Work item: When you reach the line holding "CHOCOOLATE it American" in the material below, return that line and each one after it, word for word, with the pictures dropped.

Exercise data:
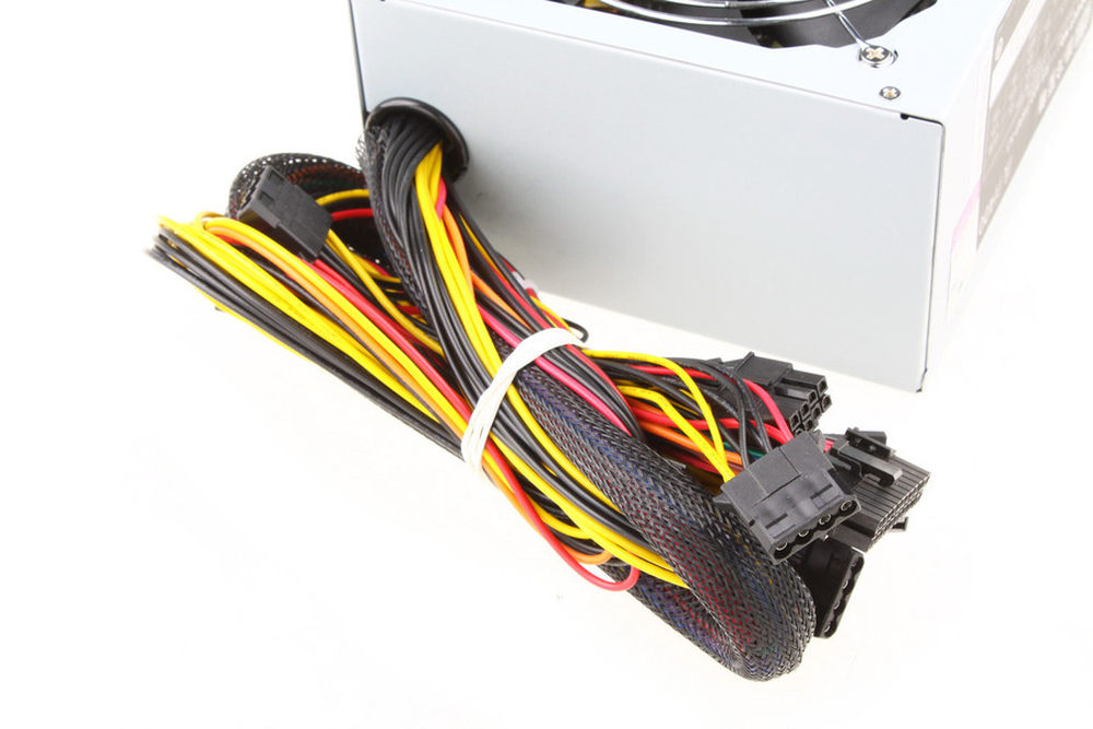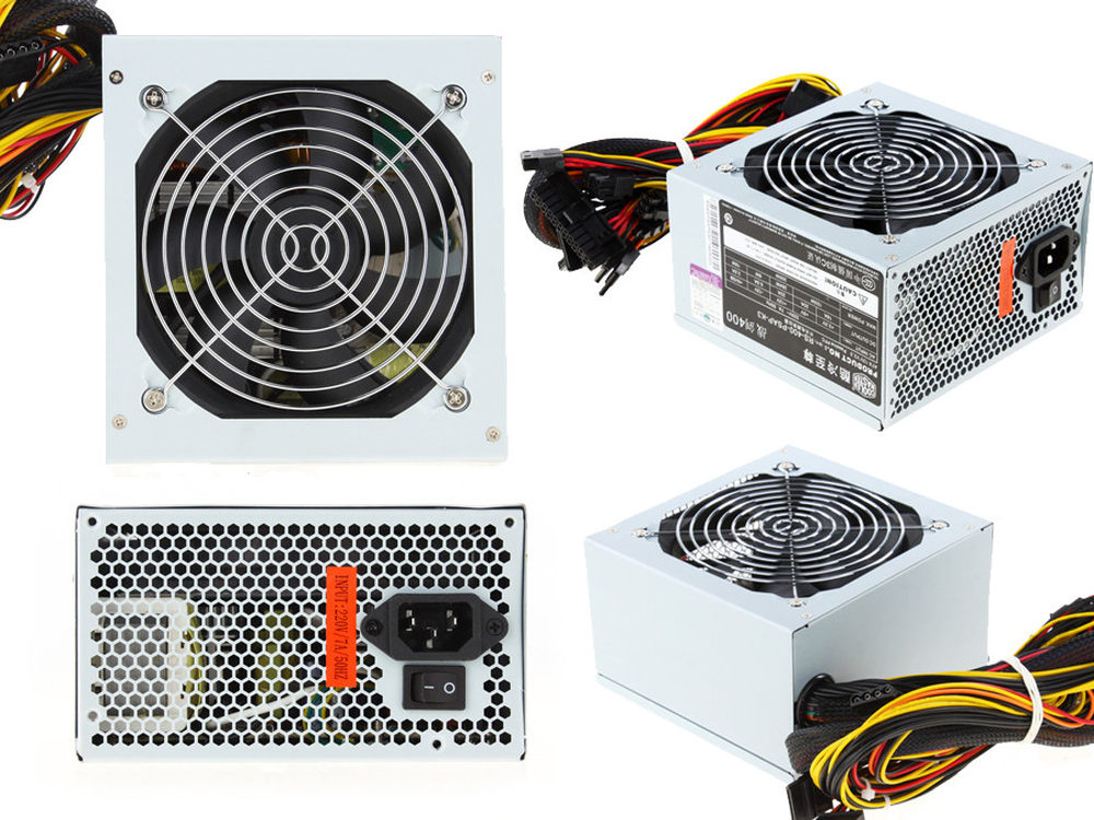 其实电源的外观和酷冷很多入门级电源很像,灰色锌钢壳加上12cm黑色风扇,从散热孔一侧还可以看到一大颗被动的PFC电感,电源的线材只有24PIN包裹的尼龙网,交流电的总开关没有省略,这一点让人欣慰。4/13
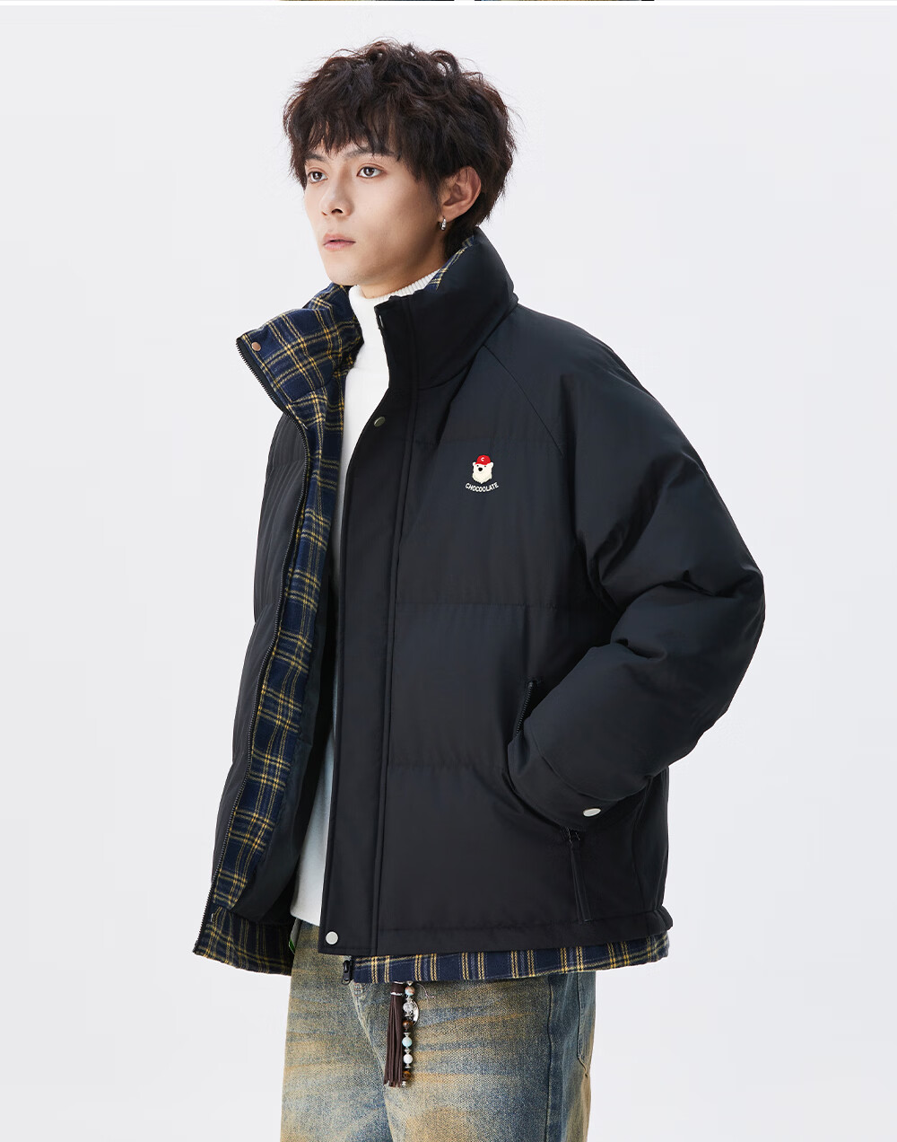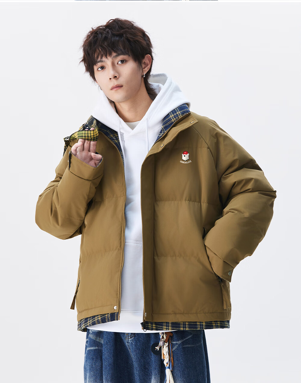 CHOCOOLATE it American trendy brand fake two-piece design loose cotton jacket for men in winter cold-proof, warm, comfortable, casual and versatile jacket off-white 2XL recommended 165-190Jin Jin equals 0.5 kg
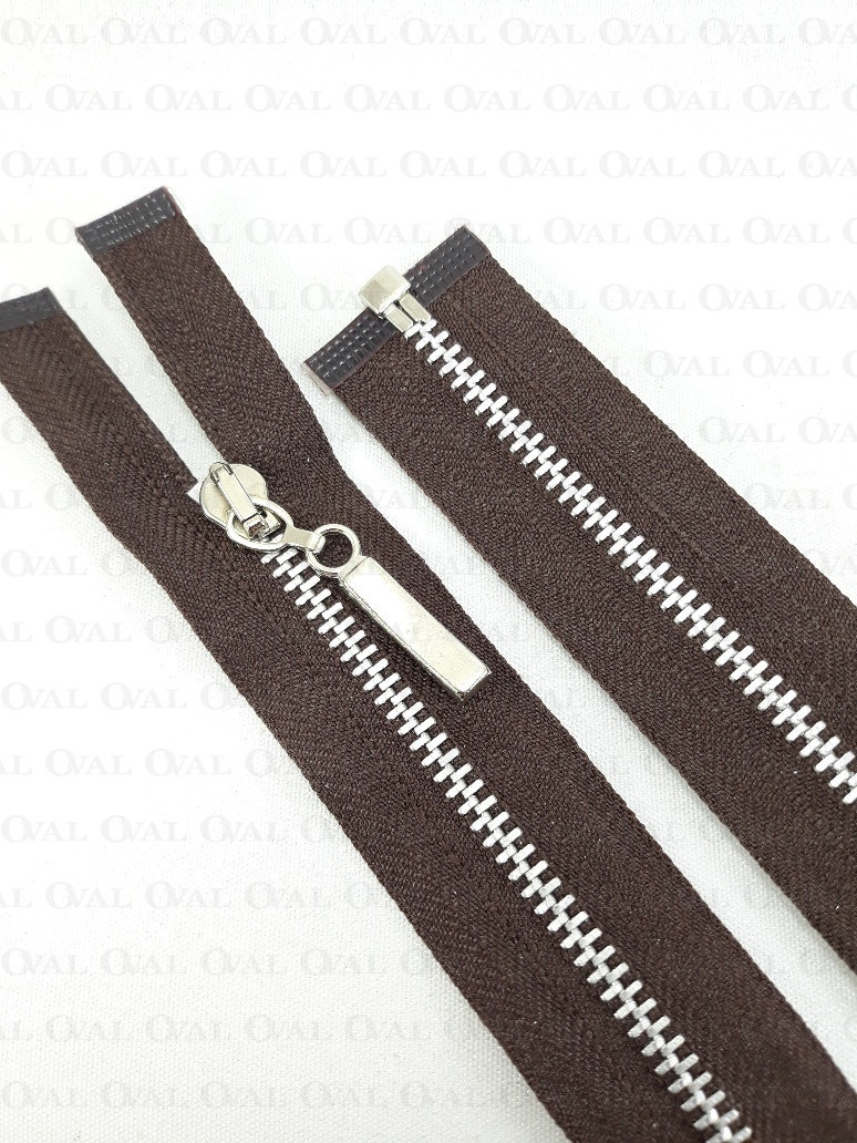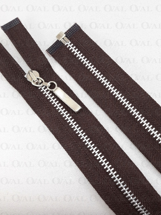 Rozdzielczy zamek metalowy z ząbkami i końcówką w kolorze srebrnym
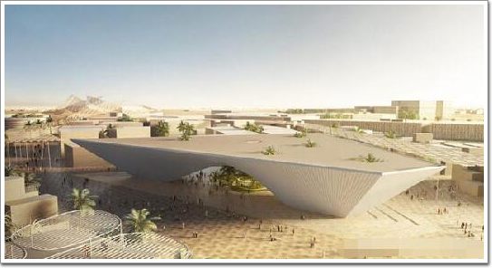 本次世博會選址于迪拜西南部,占地面積438公頃,由美國HOK建筑事務所完成總體規劃。

Task solution:
 CHOCOOLATE it American trendy brand fake two-piece design loose cotton jacket for men in winter cold-proof, warm, comfortable, casual and versatile jacket off-white 2XL recommended 165-190Jin Jin equals 0.5 kg
 Rozdzielczy zamek metalowy z ząbkami i końcówką w kolorze srebrnym
 本次世博會選址于迪拜西南部,占地面積438公頃,由美國HOK建筑事務所完成總體規劃。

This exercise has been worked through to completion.